3.18. Varanus primordius Mertens, 1942

We examined only a male individual. Karyotype with 2n = 40 chromosomes (16 macro- and 24 microchromosomes). The macrochromosome pairs 1–3 and 5–8 are bi-armed, the 4th pair is acrocentric (Figure 3h). An additional animal of unknown sex was identified as a triploid with 3n = 60 (Figure 2g). The C-banding revealed accumulation of heterochromatin mainly in the pericentromeric region of the chromosomes (Figure 5i,j). The telomeric sequences were detected only in the terminal positions of all chromosomes (Figure 7i,j). The FISH with rDNA probe revealed a signal in the pericentromeric region of the 1st chromosome pair (Figure 9i,j). The qPCR test revealed that the triploid individual had an average of 0.71 gene dose ratio for the Z-specific genes in comparison to the male, which corresponds to ZZW sex chromosome constitution (Table S2). The W chromosome cannot be accurately identified in the metaphases by the C-banding (Figure 5i,j) or CGH (Figure 10p,q), due to its small size and the bright signals on the other microchromosomes.

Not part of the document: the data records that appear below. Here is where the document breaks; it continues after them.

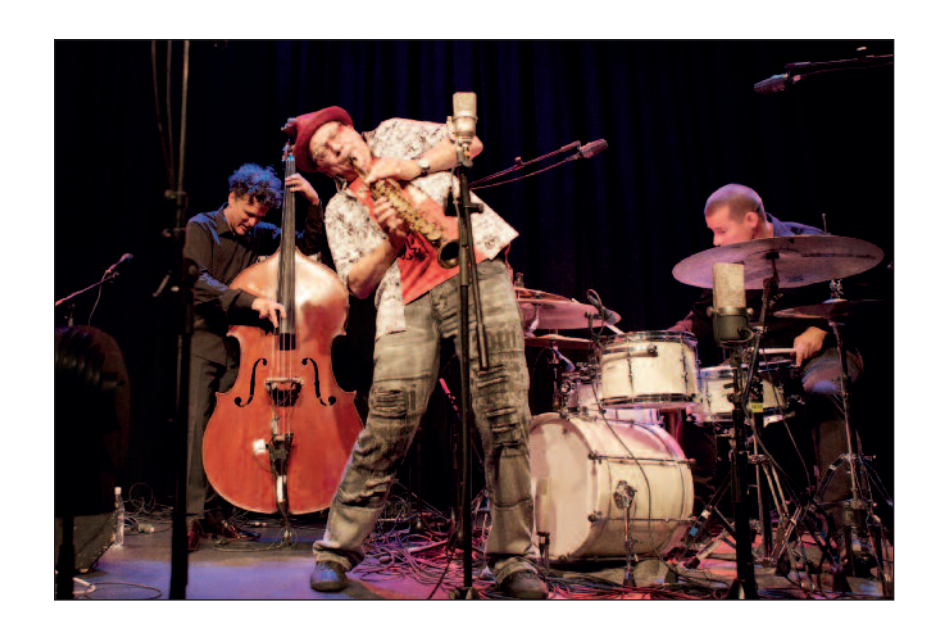
Depart, 2013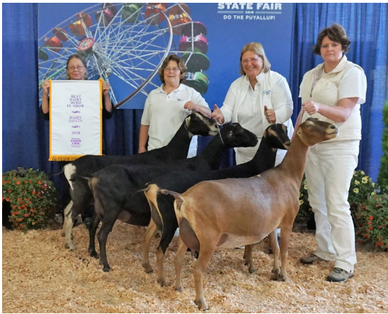
2018 Best Dairy Herd in Show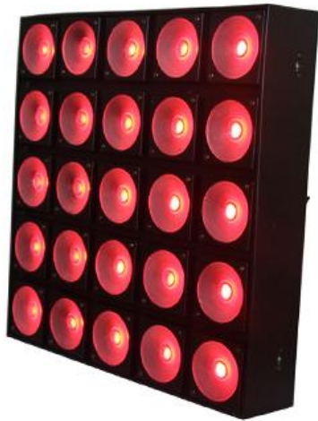
LED MATRIX Light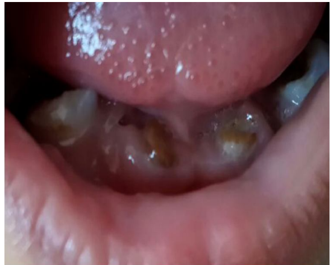
Figure 4: Missing 72, 73, 82, 83 and Ankyloglossia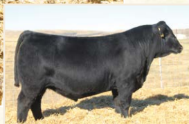
SAV Pattern 6926 Sire of Lot 71

The youngest bull in our sale offering loaded with performance, maternal function and genetic potential – imagine this bull with two more months of growth and maturity! We're confident his daughters will be the keepin' kind as he's backed by one of our favorite young females and Pattern daughters in production are recording an average 104 weaning ratio. His EPDs rank in the Top 20% WW, 25% YW, 30% SC, 15% HP, 10% Milk, 25% PAP, 15% $M and 10% $W.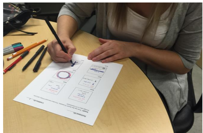
Figure 4. Designer sketching ideas for in-situ exploration of different activity related information.

Our design sessions lasted two hours with a five-minute break halfway in the session. We explained to the participants, the main limitations for in-situ exploration scenarios as: (1) a short exploration time of less than 5 seconds and (2) a small display size (about 1.5 Inch IPS). We continued by showing several examples of data representations from current smartwatch apps. After the introduction, participants were handed colored pens, pencils, and markers as well as design sheets. On the design sheets we included the text for the target insight to be conveyed and placeholders (Figure 4) representing the display size of a typical smartwatch with the addition of some space to account for the lower pen resolution. For each insight, the experimenter started a 10 minute timer and asked participants to generate as many sketches as possible focusing on: (i) conveying the insight to the user of the smartwatch for in-situ exploration; (ii) selecting data representations that fit the data and insight best. Participants were encouraged to talk out loud and had access to extra design sheets. The researcher took notes and at the end, asked participants to describe their designs and rank them based on how well the designs fit the initial requirements.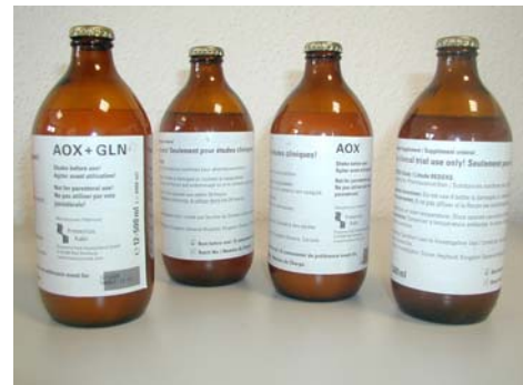
Enteral REDOXS formulas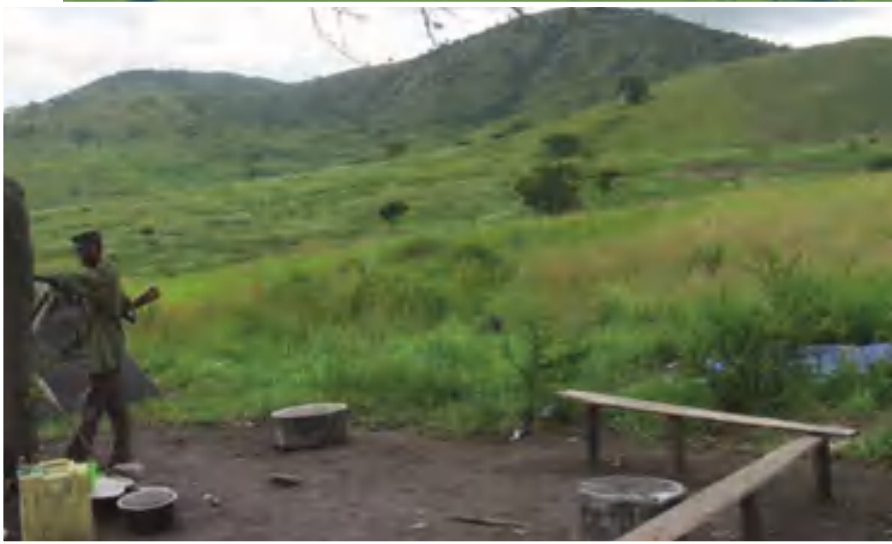
Benches and pots from a rangers' camp in Virunga National Park.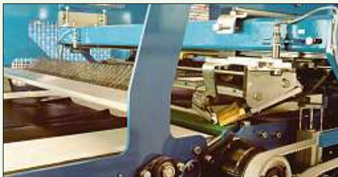
Ultrasonic knife assembly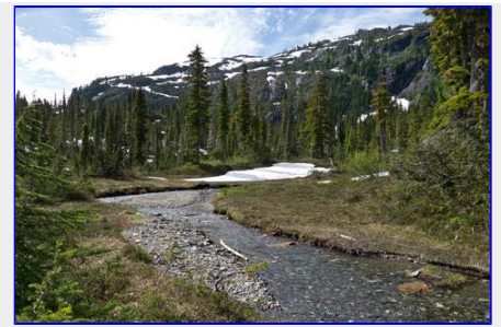
Fish bearing stream running into the lake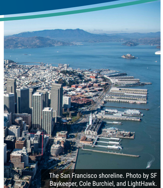
The San Francisco shoreline.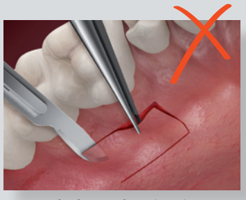
Harvest of soft tissue from the palate is avoided with Geistlich Mucograft®.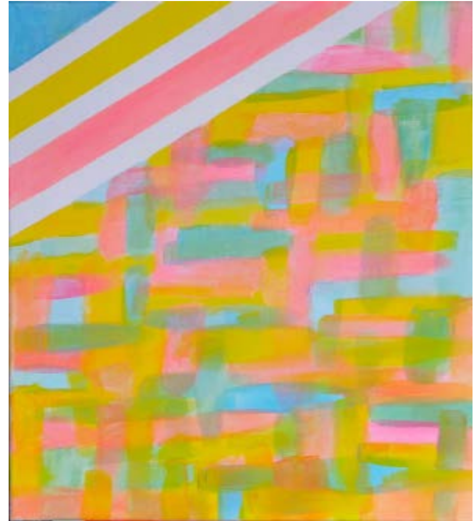
Vibrant and feminine

Geometric shapes are not represented in nature, they are man made. Geometric art is often a vibrant and colorful portrayal of shapes in a unique way. Geometric artworks are often made by organized people who strive for order, usually geometric shapes expresses comfort and efficiency.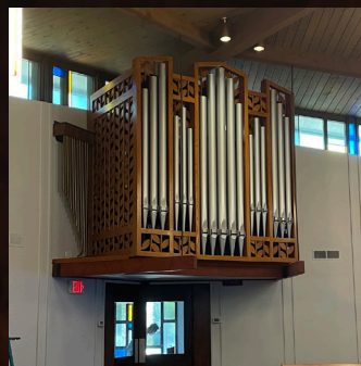
Mt Olive Lutheran Church Rancho Palos Verdes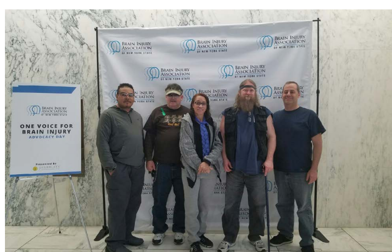
TBI team members, TBI survivors and family members at TBI Advocacy Day in Albany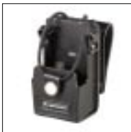
** PMLN4471 Hard Leather Case with Swivel Clip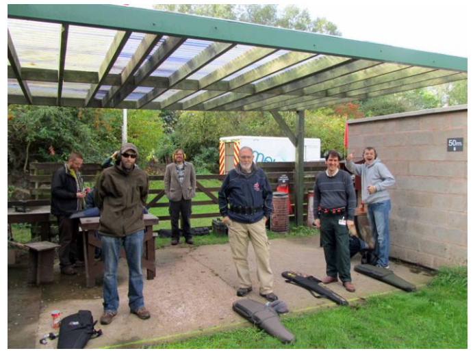
Eager to make a start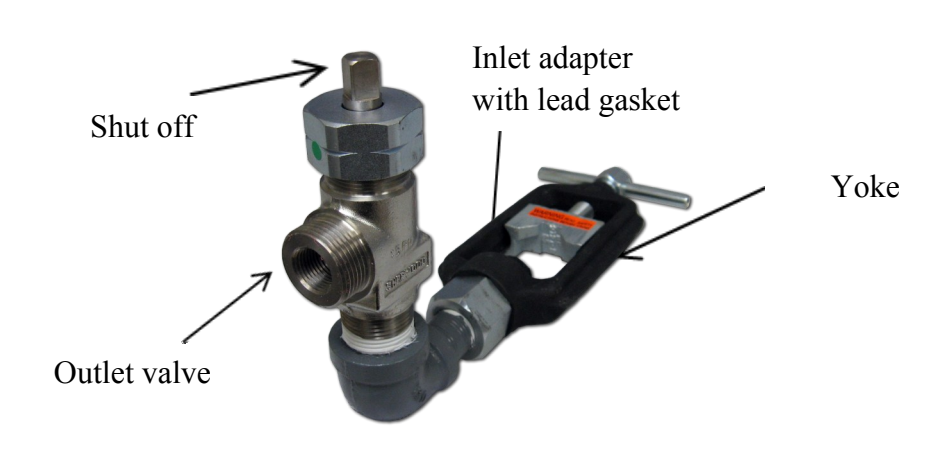
Figure 6. Auxiliary Valve for Container Connection

It is strongly recommended that auxiliary valves be used on all container header valves. This will greatly reduce the chances of ammonia leaks and increase the lifetime of the flexible connectors. Auxiliary valves can also be used to prevent air from entering the flexible connectors and manifold piping. Auxiliary valves come with a yoke for mounting onto the container valve with a lead gasket and an adapter to fit around the thread. This leads out into another header valve where the flexible connector can be attached. The auxiliary valve allows for gas to be shut off right at the container. See figure 6 for a detailed auxiliary valve drawing.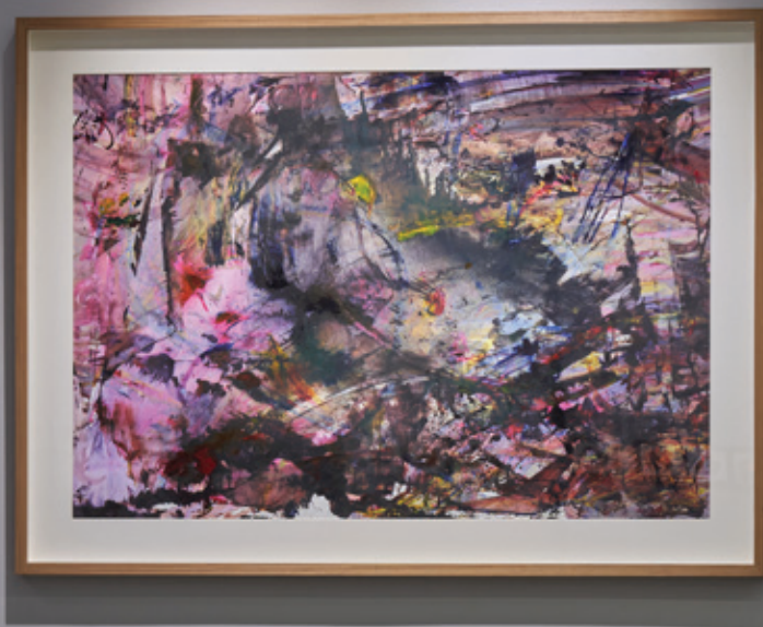
Imprints 3, 2011 Colored Ink on Paper Unframed 70 x 100 cm Framed 86 x 117 cm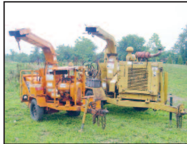
'97 & '94 BRUSH BANDITS

1997 BRUSH BANDIT Model 250XP Portable Chipper , s/n 011803, powered by Cummins B3.9-C, 116HP diesel engine and Rockford PTO, equipped with 12" capacity with hydraulic yoke, auto feed, reverse feed and 12x16.5LT tires. In good condition with good tires.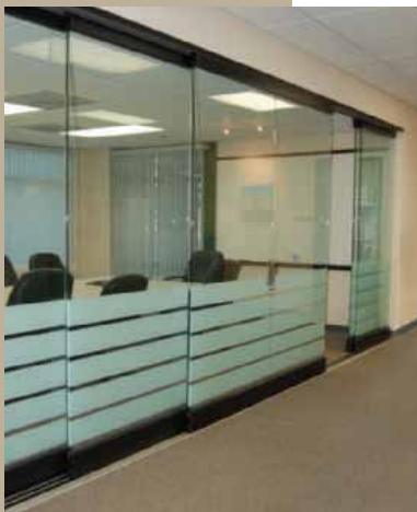
SDR Bottom Rolling Sliding Door System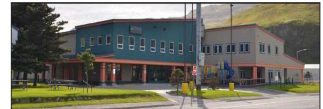
The City of Unalaska's Community Center is the hub of community activities. Centrally located, the Community Center is widely used by both residents and visitors. It has everything from a cardio and weight room to music and art areas.

FY2023 State Request: $425,000 (City of Homer 15% Match: $75,000)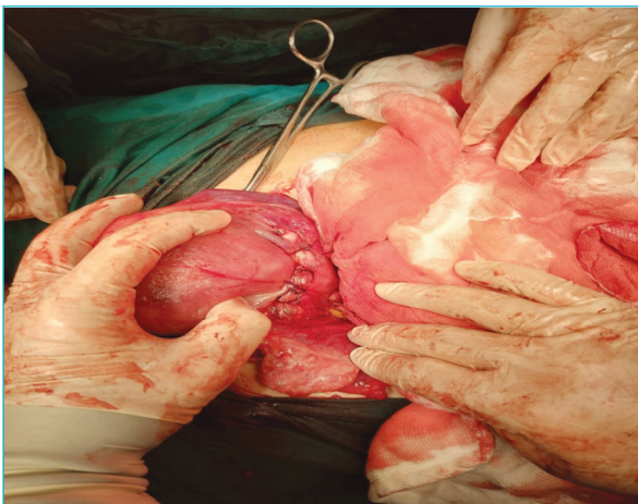
FIGURE 2: Rupture area after the repair.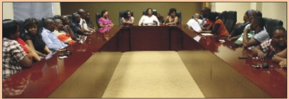
Taking interest.....some staff members at the workshop.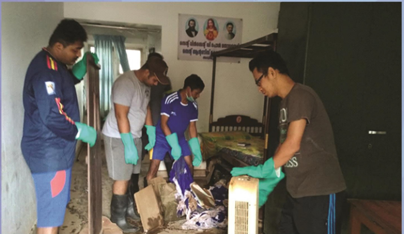
At Chettikad , Ernakulam , cleaning the houses

The students of the Department of Philosophy came from various parts of India and a few from other nationalities like Sri Lanka, East Timor, Kenya and Uganda.

3.19. Varanus salvadorii (Peters & Doria, 1878)

Karyotype with 2n = 40 chromosomes (16 macro- and 24 microchromosomes). The chromosomal pairs 1–3 and 5–8 are bi-armed, while the pair 4 is acrocentric (Figure 3i,j). The C-banding revealed the accumulation of heterochromatin in the pericentromeric region of the chromosomes and in the W chromosome in females (Figure 5k,l). The telomeric sequences were detected in the terminal positions of all chromosomes. ITRs were detected in the pericentromeric region of the 6th chromosome pair (Figure 7k,l). The FISH with rDNA probe revealed a signal in the pericentromeric region of the 1st chromosome pair (Figure 9k,l).

3.20. Varanus salvator komaini Nutaphand 1987

Karyotype with 2n = 40 chromosomes (16 macro- and 24 microchromosomes). All macrochromosomes are bi-armed, except the 4th pair which is acrocentric (Figure 3k,l). The C-banding revealed accumulation of heterochromatin in the pericentromeric region of all chromosomes, in the telomeric region of the second chromosomal pair, and in the W of the female (Figure 5m,n). The telomeric sequences were detected only in the terminal positions of all chromosomes (Figure 7m,n). The FISH with rDNA probe revealed a signal in the pericentromeric region of the 1st chromosome pair (Figure 9m,n).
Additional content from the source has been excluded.